どうせなら形に残って、尚且つ彼女とペアルックに出来る物がいい。そこでビビッとくる物があり、手に取ってみる。
「……これ、かわいい」
ペンギンのぬいぐるみだ。通常バージョンと、リボンを着けたピンクのバージョンとがある。
少し考えてから、ピンクの方を冬夜に渡す。
「買おう」
「いいね!」
暖かいもので胸の中が満たされる。
けどその直後に、虚しさも感じてしまうのは何故だろう。
不安を置いて、今の幸福に身を任せる。その策も、いよいよ通じなくなってきた。
「…………」
それでも今ある幸せを、否定したりなんかしたくない。
◇
夜の闇は濃くなるばかりだ。早く帰らなければ、補導されるような時間になるだろう。家の方へと向かう電車は、どこか廃墟と空気が似ていた。
外面だけは綺麗なマンション。ここの鏡ばりのエレベーターは嫌いだ。いつだって、写っているのは死んだ様相の私だったから。けど今日は、少し笑顔の少女と、すごい笑顔の少女が見えた。
「すごい! 七夏の家って高いところにあるんだ!」
「家なんて空にあっても地面にあっても変わんないよ。母さんがちょっと見栄っ張りなだけ」
むしろ、飛び降りられないかと嫌な思考が襲うことの方が多かった。
それでも彼女が喜んでるなら、良かったのかもしれない。
緩慢にドアが開かれると、地味な色をした床が伸びる。風の吹き荒ぶ外廊下。夏と言えども、流石に寒さを感じるレベルだ。数日ぶりの再会は、さして感動も覚えなかった。横に振り向けば見下ろせる、この夜景だけは嫌いじゃない。
だが、私の視線は廊下の向こうから逸らせなかった。
ぼんやりと見える人の影。親しみ深い雰囲気だが、そんな訳はないと目を疑う。しかし、廊下を歩くにつれて、その解像度は上がっていき、一つの事実を突きつける。
「何で、ここに…………?」
私の母が薄い長袖に身を包み、部屋の前で佇んでいた。夜風よりも冷めた目で、私の顔を睨みつける。

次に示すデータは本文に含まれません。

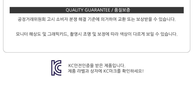 상품불량에 의한 반품, A/S, 품질보증 및 피해보상 등에 관한 사항은 소비자 분쟁해결기준(공정거래위원회 고시) 구매자가 미성년자인 경우에는 상품 구입시 법정대리인이 동의하지 아니하면 미성년자 본인 또는 법정대리인이 구매취소 할 수 있습니다. |
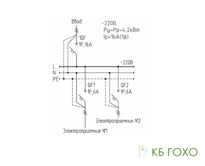 Вводной АВ номиналом 16 А, отходящие две линии по 6А.

怒られる。そう思ったが、謝罪の言葉を出そうとする喉を、心の何かが食い止める。結果、気まずい沈黙だけが流れた。
彼女は軽くため息をつくと、呆れるように喋りだす。
「……とりあえず、家に入れて」
そこで初めて、彼女がずっとここで待っていたことに気が付いた。何の為にそんな事を。今の彼女なら決して村から出ないと思っていたのに。
それに先に反応したのは、私ではなく冬夜だった。
「……じゃあ、私はこの辺で帰ります」
「…………えっ?」
優しいけれど潤んだ目で、彼女は呟いた。親と私の関係に、あまり干渉したくないのか。私は彼女をどうにか食い止めたくて、頭を必死に回転させる。
だが、その必要はなかった。
「泊まっていっていいよ」
母は何気なくそう言った。まさか、彼女の方から、こんな提案をするなんて。
冬夜の顔は明るくなる。これで何もかも安心だ。安心な、筈なのに。何か不穏な空気を覚える。私の人格を人生を、根幹から揺るがされそうな予感がする。
震えた手つきで、鍵を開ける。
◇
冬夜が靴を揃える横で、私はわざと雑に脱ぐ。一方、母はそんな私を戒めることもなく、棒立ちしたまま玄関から出ようとはしなかった。
「冷蔵庫にお菓子があるから食べていいよ」
言葉の対象こそ明示していないが、これは冬夜に言っているのだろう。要するに、ここで私と二人だけで話をしたいということだ。私は彼女の顔を見上げたまま、その場に留まる。
「ありがとうございます!」
冬夜は冬夜で察したのだろう。早足で居間まで駆ける。冷蔵庫のドアが開く音を聞くと、母はポッケに手を突っ込み、中の物を私に手渡した。
「これは…………?」
重みを持った、一万円札の束。意図が分からず、困惑する。
「これはあなたの学費に用意してたもの。だから、これはあなたのもの。好きなように使っていい」
「——————」
そこまで言われて尚、現状を脳が把握できない。いや、理解を拒んでいるのは心の方かもしれない。聞いたこともない優しい声で話す女性は、目の縁が少し濡れていた。
「ごめんね……。私には母親の仕事は向いてなかったみたい。お父さんを用意することも出来なかった。最後まで、あなたの母親として碌に何も出来なかった」
駄目だ。これ以上、喋られると、これ以上、この弱い人を見ていると、どうにかしてしまいそうだ。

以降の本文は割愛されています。